Hedge funds closed June with year-to-date returns in double digits, supported primarily by managers relying on company-level analysis and concentrated stock selection, according to a client note from Goldman Sachs seen this week. The Goldman note reported that stockpicking strategies delivered a 4% return for June.
Within that group, hedge funds using fundamental analysis of corporate finances registered particularly strong results, posting an 18.4% return for the quarter - the best quarterly performance on Goldman Sachs' records - and a 17.4% gain for the year to date. Goldman attributed success to larger, conviction-sized positions, active wagers in the healthcare sector, and participating in trades that already had momentum.
However, not all strategies fared as well. Goldman highlighted that losses during June were driven by sharp market swings, a rally in South Korean equities and funds that remained positioned for falling prices through short bets.

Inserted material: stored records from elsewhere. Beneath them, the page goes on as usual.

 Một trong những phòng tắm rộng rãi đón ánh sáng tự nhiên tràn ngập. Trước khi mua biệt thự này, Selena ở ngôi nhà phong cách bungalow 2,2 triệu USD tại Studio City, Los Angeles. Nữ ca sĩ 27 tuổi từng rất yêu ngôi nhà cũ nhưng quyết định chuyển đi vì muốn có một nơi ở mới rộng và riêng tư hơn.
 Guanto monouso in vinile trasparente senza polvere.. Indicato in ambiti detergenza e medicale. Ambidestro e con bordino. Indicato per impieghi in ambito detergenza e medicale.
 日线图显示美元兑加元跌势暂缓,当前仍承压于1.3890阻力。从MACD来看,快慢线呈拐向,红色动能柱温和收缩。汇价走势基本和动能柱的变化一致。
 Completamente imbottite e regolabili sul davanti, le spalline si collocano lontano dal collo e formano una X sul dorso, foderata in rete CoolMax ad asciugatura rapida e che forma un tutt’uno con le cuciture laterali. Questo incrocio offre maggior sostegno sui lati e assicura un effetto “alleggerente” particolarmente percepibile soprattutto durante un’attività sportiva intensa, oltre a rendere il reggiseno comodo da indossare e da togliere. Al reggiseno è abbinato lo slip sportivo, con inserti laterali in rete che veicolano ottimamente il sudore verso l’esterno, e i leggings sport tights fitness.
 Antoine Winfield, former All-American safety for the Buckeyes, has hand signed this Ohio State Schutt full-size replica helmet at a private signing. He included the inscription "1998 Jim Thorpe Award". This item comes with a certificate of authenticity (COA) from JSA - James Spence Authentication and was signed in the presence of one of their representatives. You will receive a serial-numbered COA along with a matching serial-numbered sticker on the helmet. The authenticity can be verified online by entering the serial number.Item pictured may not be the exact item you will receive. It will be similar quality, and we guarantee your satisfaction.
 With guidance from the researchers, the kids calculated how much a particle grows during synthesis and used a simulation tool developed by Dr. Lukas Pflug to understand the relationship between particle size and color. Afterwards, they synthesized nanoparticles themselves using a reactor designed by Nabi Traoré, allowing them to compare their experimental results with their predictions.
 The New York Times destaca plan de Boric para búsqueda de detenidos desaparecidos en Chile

June proved contrasting for different equity pockets: the U.S. SOX chip index logged its strongest quarter on record, but the Magnificent Seven names endured a difficult month, with the Roundhill Magnificent Seven ETF down 9% in June - its largest monthly drop in over a year.
Commodities and monetary policy expectations also influenced returns. Oil prices moved back to levels seen before the Iran war-related volatility, and market pricing continued to reflect the expectation of at least one Federal Reserve rate hike by the end of the year, even as the most recent U.S. employment report moderated some traders' bets on the timing of additional rate increases.
Systematic managers, which deploy model-driven approaches to assess market dynamics, experienced a more mixed outcome. Goldman reported that these strategies posted a 1.1% gain in June after suffering losses late in the month, leaving them with an 11.3% return for the year to date.
A separate note from Winton, a systematic fund overseeing roughly $18 billion and which tracks competitor performance, attributed its June weakness to heightened volatility among the largest U.S. companies and select Chinese firms. Winton said that short positions in fixed income - especially in long-dated U.S. Treasuries - detracted from returns.
Winton also described divergent outcomes across currencies and multi-asset trend-following approaches. Trend followers and commodity trading advisers posted gains in the Canadian dollar and Japanese yen, but these were outweighed by larger losses in the Australian dollar, sterling and Norwegian krone.
The Winton note pointed to an operational constraint within many systematic strategies: rules or limits on minimum holding periods. Faster-paced strategies that can exit and re-enter positions quickly coped better with the choppier conditions in June, whereas longer-duration systematic approaches suffered more from abrupt market moves.
Markets and strategies in focus
Overall, the month highlighted a split between discretionary, fundamentally driven funds that leveraged concentrated and momentum-aligned positions, and model-based systematic funds that faced pressure from rapid swings in large-cap equities, fixed income positioning and currency moves. Performance drivers included sector-specific bets, regional equity rallies and shifts in commodity and interest-rate expectations.